HHS Employees Start Receiving Layoff Emails as Massive Cuts Begin

Layoffs are formally beginning in the U.S. Department of Health and Human Services (HHS), after leadership announced that 10,000 employees were going to be cut.

Employees were left twisting in the wind for several days, between the layoff announcement and official notices. According to the Associated Press, employees began receiving dismissal notices on Tuesday. 

The layoff notices are said to be spread across the agency. 

“It’s a bloodbath,” one Food and Drug Administration (FDA) employee told CNN

The layoffs are expected to shrink the HHS workforce to 62,000 from 82,000. About half of that will be from these layoffs, the other half through retirements and deferred resignations.

In a fact sheet, HHS detailed some of the cuts:

  • 3,500 jobs at the Food and Drug Administration (FDA)

  • 2,400 jobs at the Centers for Disease Control and Prevention (CDC)

  • 1,200 at the National Institutes of Health (NIH)

The Trump Administration says it’s reorganizing HHS from 28 divisions to 15, cutting five regional offices, and centralizing HR, IT, procurement, external affairs, and policy. The goal is to streamline the agency and make it “more responsive and efficient” and deliver on the administration’s goal of “making America healthy again.” 

“We aren't just reducing bureaucratic sprawl. We are realigning the organization with its core mission and our new priorities in reversing the chronic disease epidemic,” HHS Secretary Robert F. Kennedy, Jr. said. “This Department will do more – a lot more – at a lower cost to the taxpayer.”

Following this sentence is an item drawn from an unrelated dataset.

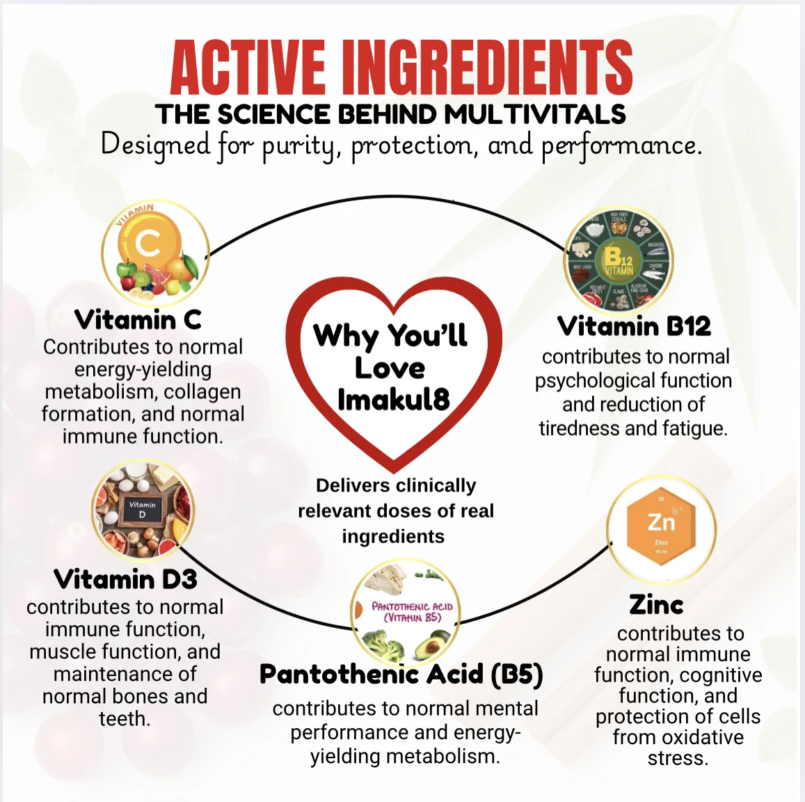 Imakul8 Multivitals is a comprehensive multivitamin and mineral food supplement designed to support everyday health and wellbeing. The formula provides 100% NRV of key B-vitamins, including Vitamins B1, B2, B6, B12, Niacin, Pantothenic Acid and Folic Acid, which contribute to normal energy-yielding metabolism, normal psychological function, and the reduction of tiredness and fatigue.

White House Office of Management and Budget Director Russ Vought called the layoffs “fantastic.” 

“A Catastrophe”

Opponents say the reductions in force will not make America healthy, but will instead make America less healthy, as critical employees in research, food safety and inspection, drug inspection, mental health, and elsewhere get pink slips.  

“It is a catastrophe for the health care of every American,” said Senator Ed Markey (D-MA). 

“These staff cuts endanger public health and food safety,” said Brian Ronholm, director of food policy at Consumer Reports. “They raise serious concerns that the administration’s pledge to make Americans healthy again could become nothing more than an empty promise.”